Affirma Capital looks to double asset basic to $7bn within five years

14 February, 2021
Affirma Capital looks to double asset basic to $7bn within five years
Affirma Capital, the past private equity organization of Standard Chartered Lender, expects to double the size of its $3.5 billion of assets under management next five years since it looks to get more in the centre East, Africa and Asia.

The company, which includes $400 million in cash to invest, is actively looking at 15 potential acquisitions within the Middle East and Africa region, Taimoor Labib, founding partner and head of the center East and Africa business, told The National.

“We ought to double the AUMs next three-to-five years,” he said. “The $3.5bn [in] assets in management includes dried out powder, so we've money to do new deals.”

Affirma Capital, which is owned and managed by past Regular Chartered executives, currently has 35 investments across China, India, the center East, South-East Asia, Sub-Saharan Africa and South Korea.
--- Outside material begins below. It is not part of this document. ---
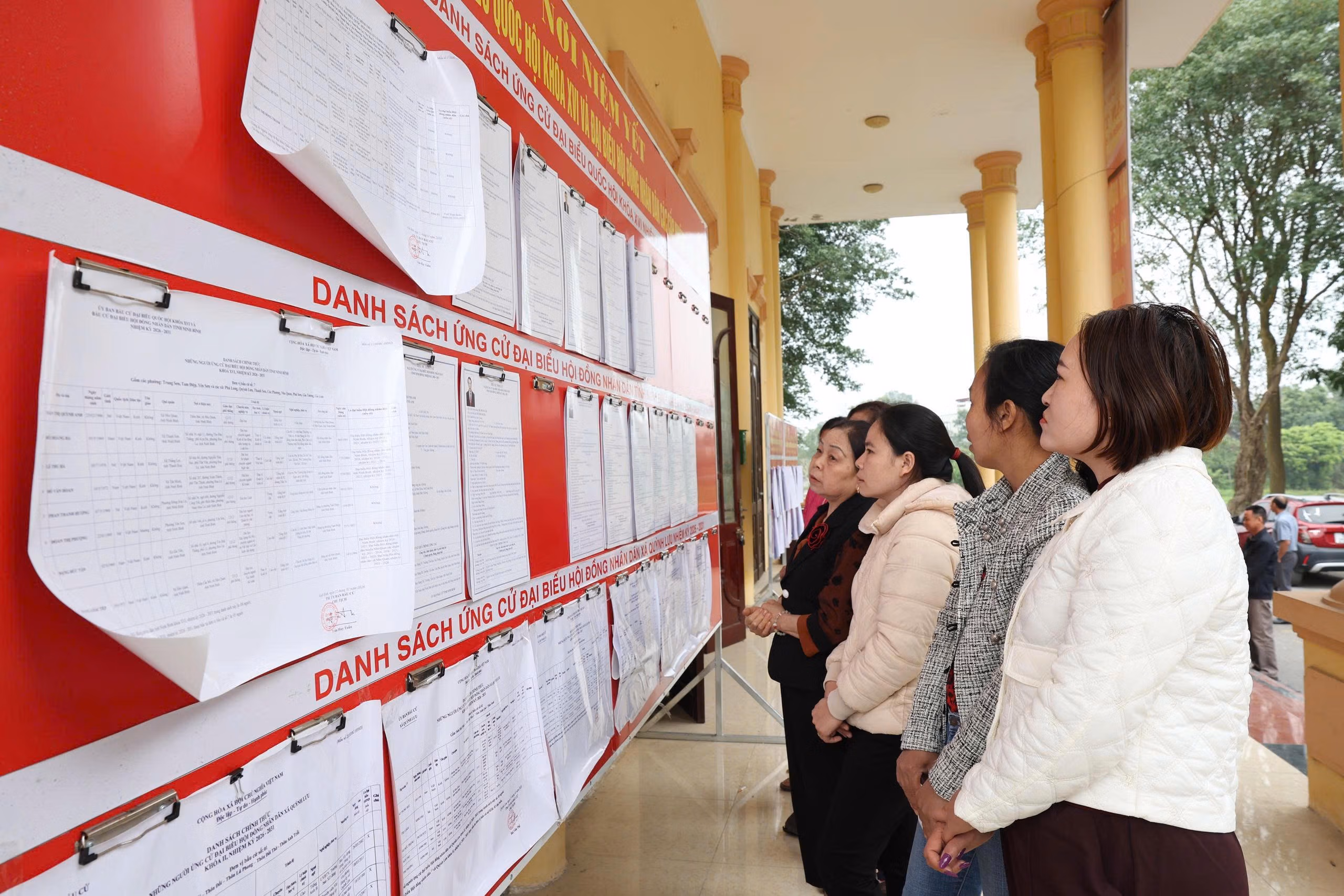 Cử tri xã Quỳnh Lưu xem hồ sơ ứng cử ĐBQH của ông Bùi Văn Mạnh và các ứng cử viên. Ảnh: Minh Quang

It keeps stakes in corporations such as for example Jordan’s Fine Hygienic Keeping and Al-Jazeera Agriculture in the centre East.

“In conditions of the center East, we are extremely actively seeking at transactions ... in the UAE, Egypt, Saudi Arabia and Jordan,” explained Mr Labib.

“We have a pretty big emphasis on the UAE and Egypt,” he said.

Mr Labib said the majority of the 15 discounts it is currently evaluating are actually in both of these markets.

Affirma, which typically invests between $25m and $100m in a deal, expects to close at least one transaction involving a healthcare-related business, he said, without disclosing the prospective company.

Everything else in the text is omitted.